Care management for foreign children, adolescents, young adults with cancer, and their families.

BACKGROUND: Little is known about care management for foreign patients in pediatric oncology in European centers. We aimed to describe care given to children, adolescents, and young adults who came to France for cancer treatment, and to determine whether their geographical origin had an influence on decision making. PROCEDURE: We conducted a monocentric retrospective study on all foreign patients aged 0-25 years and hospitalized for at least one night in Institut Curie (Paris, France) from 2009 to 2013. We analyzed the potential advantages of receiving treatment in France as well as their social and familial consequences. RESULTS: A total of 93 foreign patients' files were retrieved. Most of these patients came from Africa (70%).
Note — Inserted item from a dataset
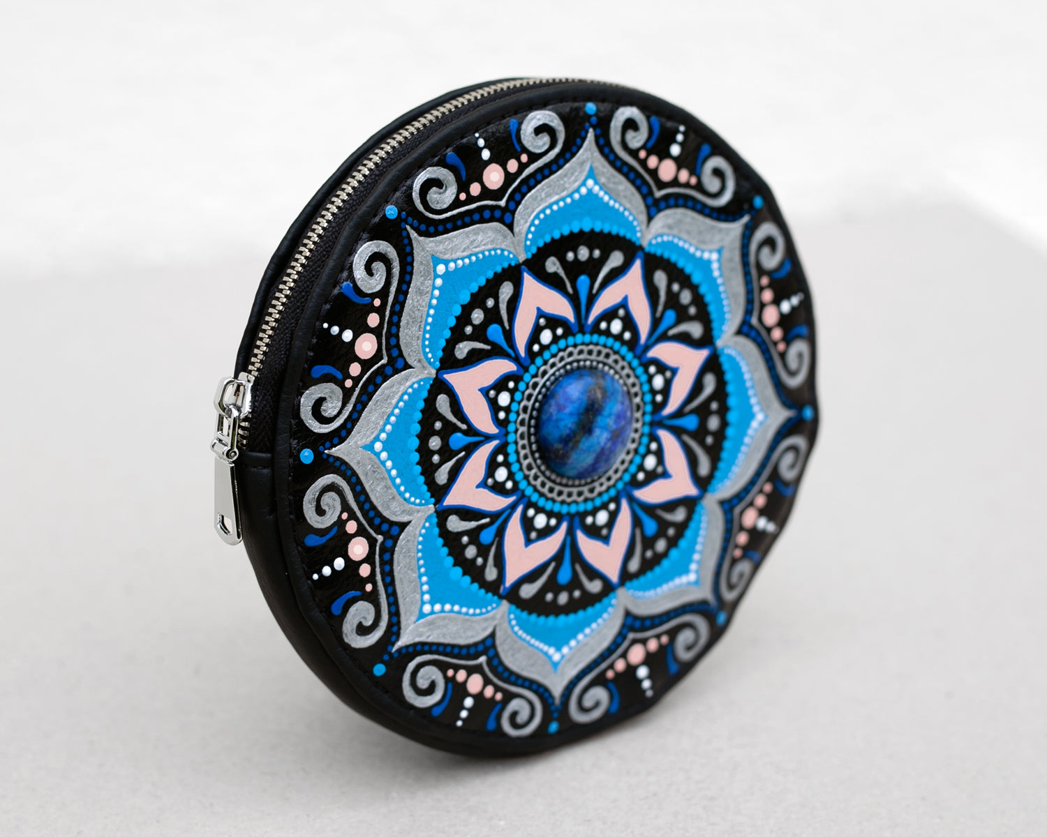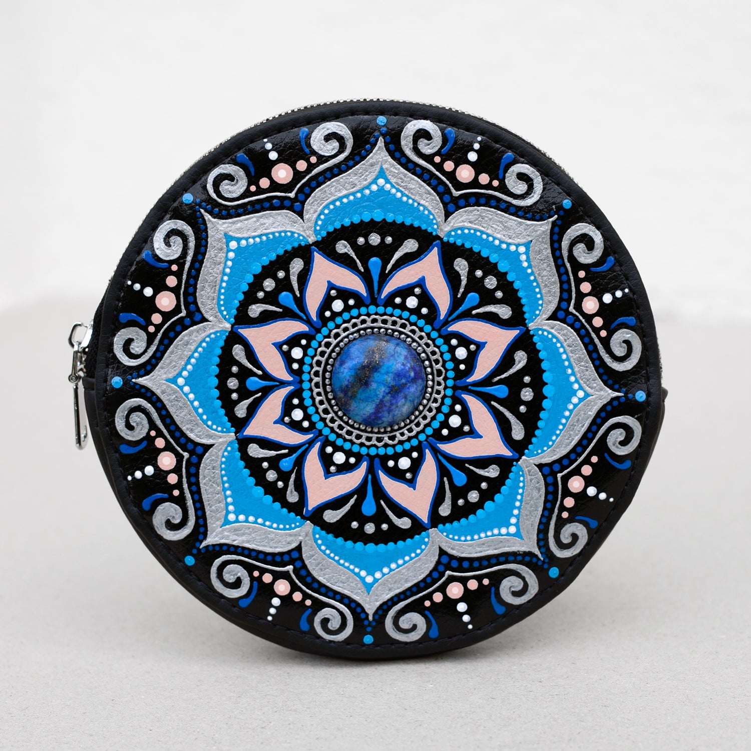 Ce portefeuille rond est fabriqué en similicuir vegan de première qualité. Il est orné d'un mandala peint à la main en bleu et rose avec une incrustation de pierre lapis-lazuli.

In accord with the specific expertise of the institution, retinoblastoma was the most frequent tumor type (39%). An antitumor treatment had already been administrated in the native country in 44% of patients. We considered that 66% of patients received a significant medical advantage from care in our institution. The treatment provided in France was considered impossible in the native country in 44% of cases. The social and familial impact on the patients' families was high (59%). Almost all patients (96%) received the treatment that would have been proposed to their French counterparts. CONCLUSIONS: There were notable medical advantages for foreign patients who come to France for their oncologic treatment despite important familial consequences. Patients' geographical origin did not have an influence on medical decisions.